◆ Your assignment
With the pictures left out, print exactly the lines below that run from the one containing "여러분들 기분이 어떠신가." through the one containing "RAW SILK PEARL DETAIL STRAIGHT PANTS".

──────── Dataset records ────────

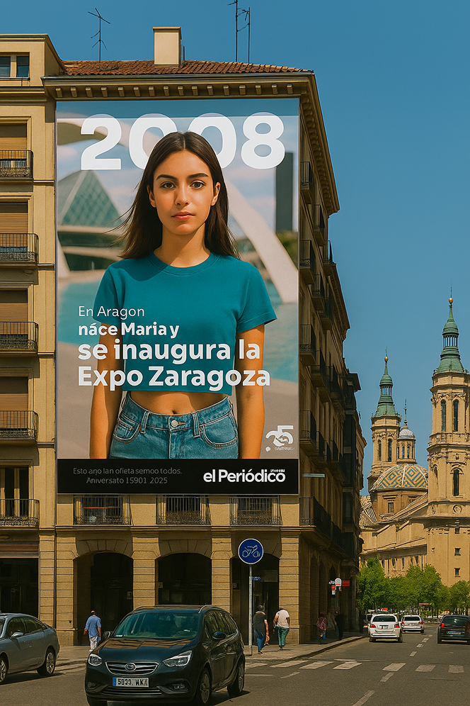 Para celebrar su 35 aniversario, proponemos a El Periódico de Aragón lanzar una acción que convierta la memoria colectiva en una historia compartida de presente y futuro. La campaña parte de un gesto sencillo pero poderoso: 35 retratos, uno por cada año desde 1990, protagonizados por personas nacidas en Aragón en ese mismo año. Cada fotografía se toma en localizaciones clave que dialogan con el titular de la noticia más significativa de ese momento, creando un vínculo entre la vida personal y la historia de la ciudad.
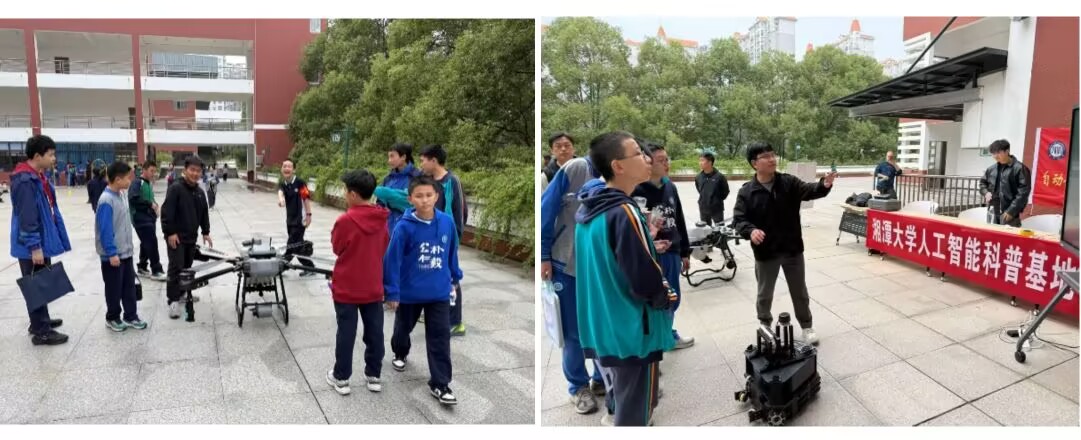 科普基地带来了两个前沿设备:“安巡卫士”—基于多模态友好交互的楼道违规巡检机器人、基于北斗视觉增强融合定位系统的干冰绝缘子除污无人机进行现场展示与互动,为千余名中学生带来了一场生动的人工智能启蒙课,在青春校园里播撒科技的种子。
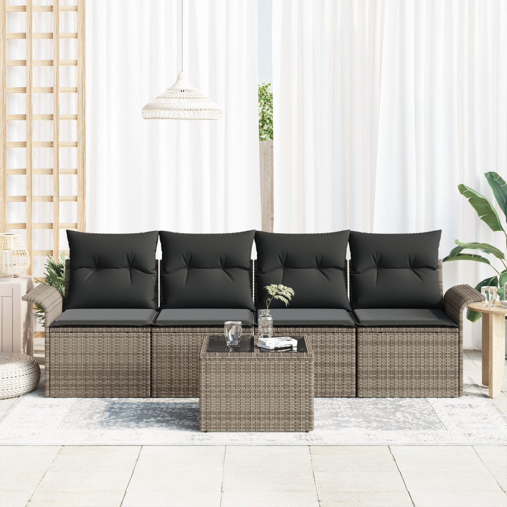 5 részes kertibútor szett párnákkal - Szürke polirattan
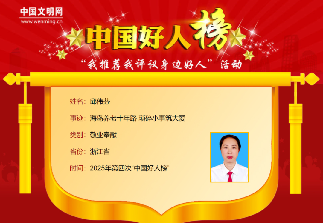 長涂島上,老年人口占了總人口的一半以上,交通不便、資源有限,養(yǎng)老工作任重道遠。邱偉芬主動協調鎮(zhèn)村資源,為困難家庭爭取補助;動員鄰居互助,為獨居老人送餐送服務。面對贊譽,她總說:“我做的都是小事?!钡沁@些“小事”,讓孤寡老人有了依靠,讓殘疾人重燃希望,讓偏僻海島流淌著溫情。她也因此先后獲評“浙江好人”、第十屆舟山市道德模范。
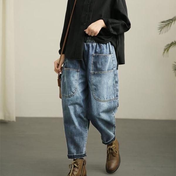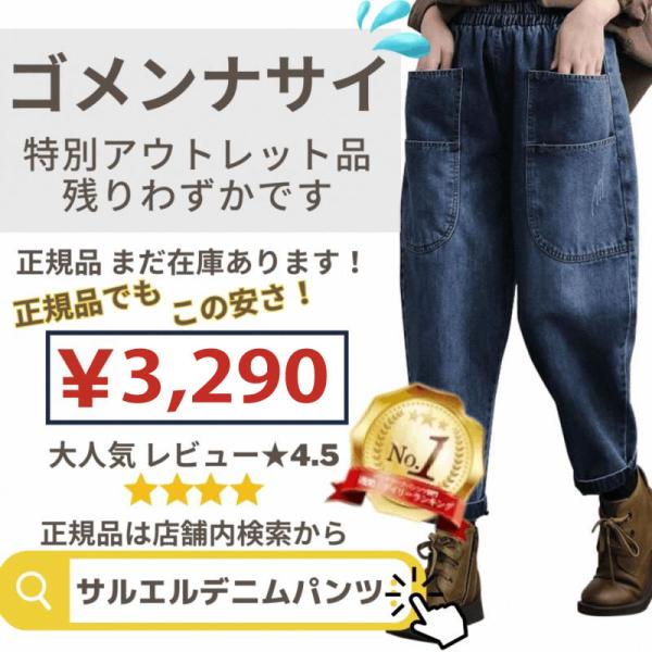 訳あり サルエル デニム パンツ 細見え 体型カバー 腰周り ゆったり スラウチ 細見え 体型カバー バルーン サーカス カーブ 数量限定 返品交換不可 即納
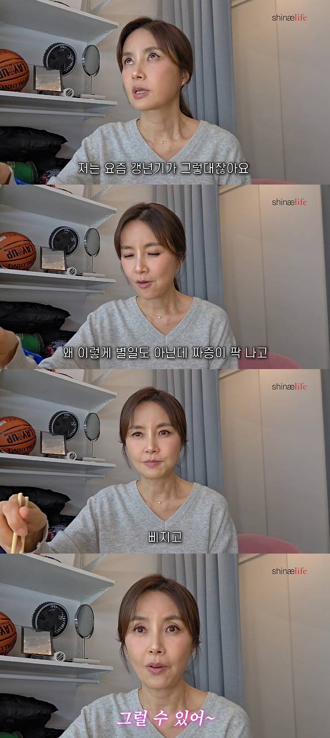 신애라는 "요즘 여러분들 기분이 어떠신가. 저는 기분이 계속 왔다 갔다 한다. 갱년기라서 화가 좀 많아진 것 같다. 별일도 아닌데 짜증이 나고 화가 나고 삐지게 된다. 그래서 자신을 다스려야겠다는 생각을 했다"라고 털어놨다.
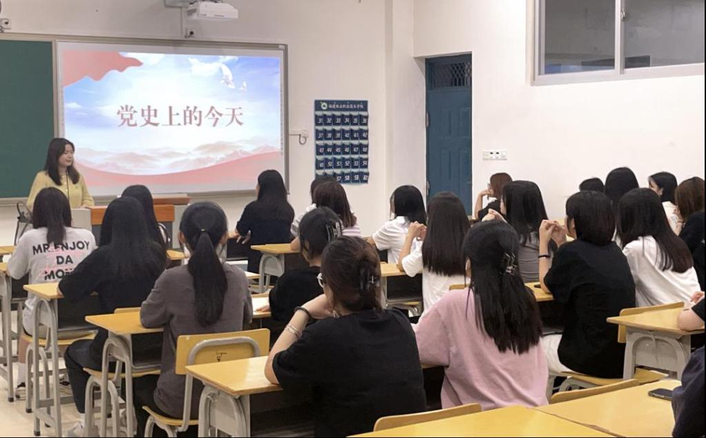 吴佳颖老师以“党史上的今天”为主题,带领旅游管理2204班的全体学生共同回顾了历史上6月的红色纪念日,号召大家要珍惜来之不易的幸福生活,感党恩、听党话、跟党走,常怀感恩之心,感恩时代、感恩国家、感恩人民、感恩组织,做到知恩图报、感恩奋进。
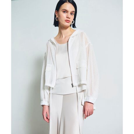 スポーティーさとドレッシーさを併せ持った、モードな雰囲気薫るフーディー。3種類の繊細なメッシュを組み合わせてシアー素材と二重仕立てにした、程よい透け感を楽しめるデザインです。しっかり前後差をつけた、ふわっとした新鮮なAラインシルエット。裾のドロストをきゅっと絞る事で、バックスタイルがボリュームのあるバルーン型になり、シルエットの変化も楽しめます。フーディーならではのスポーティーな雰囲気がありつつもクラス感のある、ドレスにもさらっと纏える一着です。
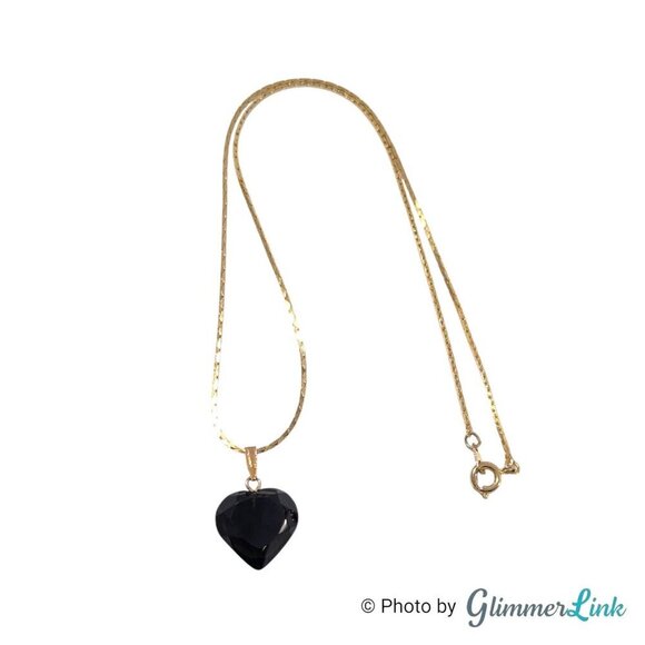 Vintage gold tone pendant necklace featuring a translucent brown faceted stone heart pendant hanging on a cobra style chain.
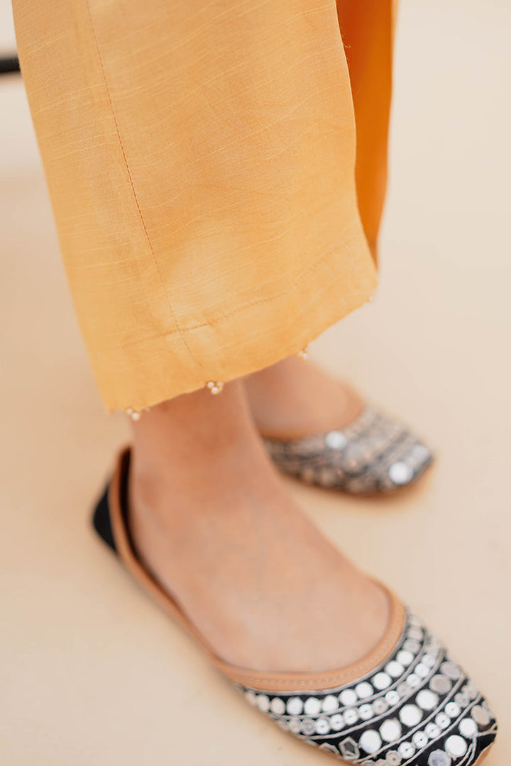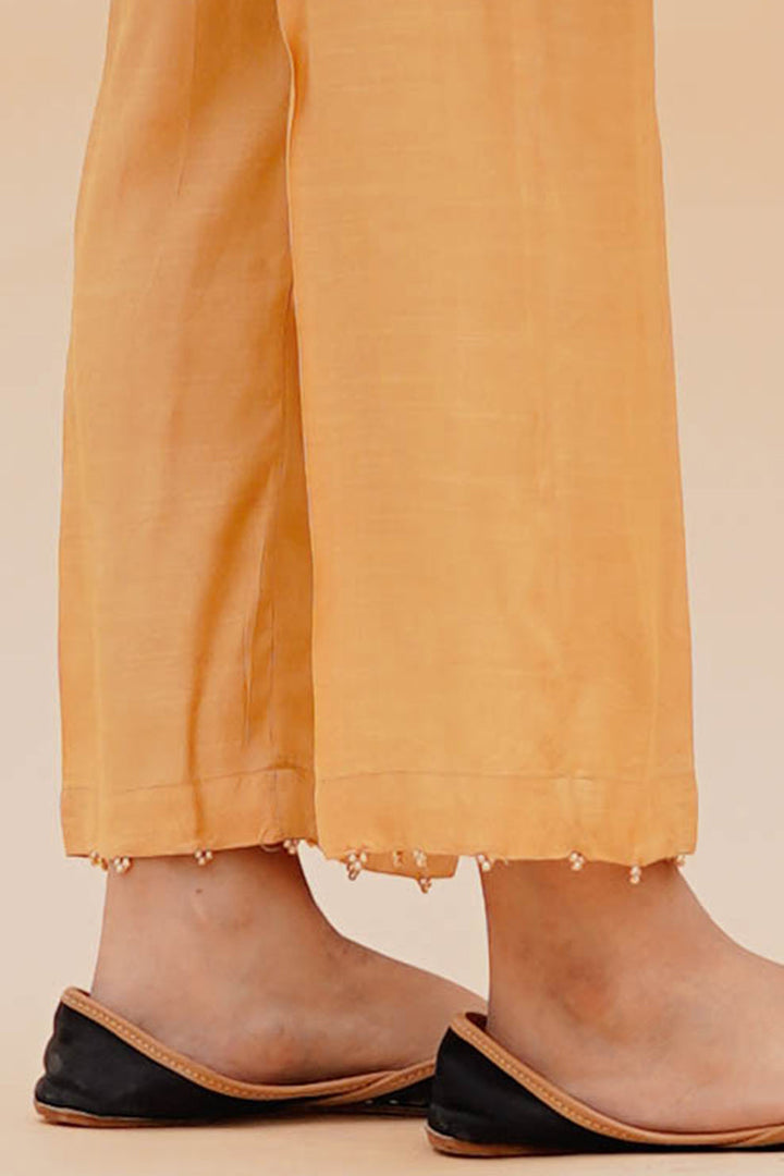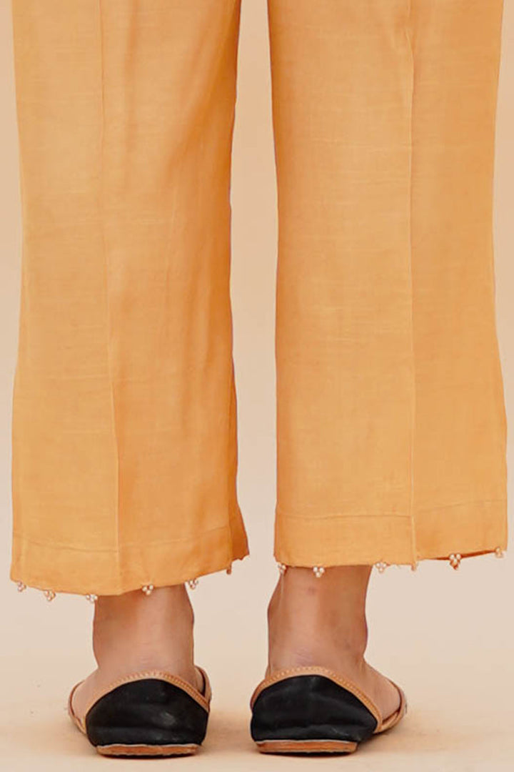 RAW SILK PEARL DETAIL STRAIGHT PANTS
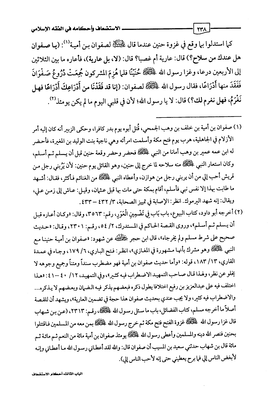 (¬2) أخرجه أبو داود، كتاب البيوع، باب بَاب فِي تَضْمِينِ الْعَوَرِ، رقم: 3563، وقال: "وكان أعاره قبل أن يسلم ثم أسلم"، وروى القصة الحاكم في المستدرك، 2/ 54، رقم: 2301، وقال: "حديث صحيح على شرط مسلم ولم يخرجاه"، قال ابن حجر رحمه اللَّه عن شهود: "صفوان بن أمية حنينا مع النبي -صلى اللَّه عليه وسلم- وهو مشرك بأنها مشهورة في المغازي"، انظر: فتح الباري، 6/ 179، وجاء في عمدة القاري، 13/ 183، قوله: "وأما حديث صفوان بن أمية فهو مضطرب سندًا ومتنًا وجميع وجوهه لا يخلو عن نظر، ولهذا قال صاحب التمهيد الاضطراب فيه كثير"، وفي التمهيد، 12/ 40 - 41: "هذا اختلف فيه على عبد العزيز بن رفيع اختلافا يطول ذكره فبعضهم يذكر فيه الضمان وبعضهم لا يذكره. . . والاضطراب فيه كثير، ولا يجب عندي بحديث صفوان هذا حجة في تضمين العارية"، ويشهد أن للقصة أصلًا ما أخرجه مسلم، كتاب الفضائل، باب ما سئل رسول اللَّه -صلى اللَّه عليه وسلم-، رقم: 2313، (عن بن شهاب قال غزا رسول اللَّه -صلى اللَّه عليه وسلم- غزوة الفتح فتح مكة ثم خرج رسول اللَّه -صلى اللَّه عليه وسلم- بمن معه من المسلمين فاقتتلوا بحنين فنصر اللَّه دينه والمسلمين وأعطى رسول اللَّه -صلى اللَّه عليه وسلم- يومئذ صفوان بن أمية مائة من النعم ثم مائة ثم مائة قال بن شهاب حدثني سعيد بن المسيب أن صفوان قال: واللَّه لقد أعطاني رسول اللَّه ما أعطاني وإنه لأبغض الناس إلي فما برح يعطيني حتى إنه لأحب الناس إلي).

────────

◆ Task result
 신애라는 "요즘 여러분들 기분이 어떠신가. 저는 기분이 계속 왔다 갔다 한다. 갱년기라서 화가 좀 많아진 것 같다. 별일도 아닌데 짜증이 나고 화가 나고 삐지게 된다. 그래서 자신을 다스려야겠다는 생각을 했다"라고 털어놨다.
 吴佳颖老师以“党史上的今天”为主题,带领旅游管理2204班的全体学生共同回顾了历史上6月的红色纪念日,号召大家要珍惜来之不易的幸福生活,感党恩、听党话、跟党走,常怀感恩之心,感恩时代、感恩国家、感恩人民、感恩组织,做到知恩图报、感恩奋进。
 スポーティーさとドレッシーさを併せ持った、モードな雰囲気薫るフーディー。3種類の繊細なメッシュを組み合わせてシアー素材と二重仕立てにした、程よい透け感を楽しめるデザインです。しっかり前後差をつけた、ふわっとした新鮮なAラインシルエット。裾のドロストをきゅっと絞る事で、バックスタイルがボリュームのあるバルーン型になり、シルエットの変化も楽しめます。フーディーならではのスポーティーな雰囲気がありつつもクラス感のある、ドレスにもさらっと纏える一着です。
 Vintage gold tone pendant necklace featuring a translucent brown faceted stone heart pendant hanging on a cobra style chain.
 RAW SILK PEARL DETAIL STRAIGHT PANTS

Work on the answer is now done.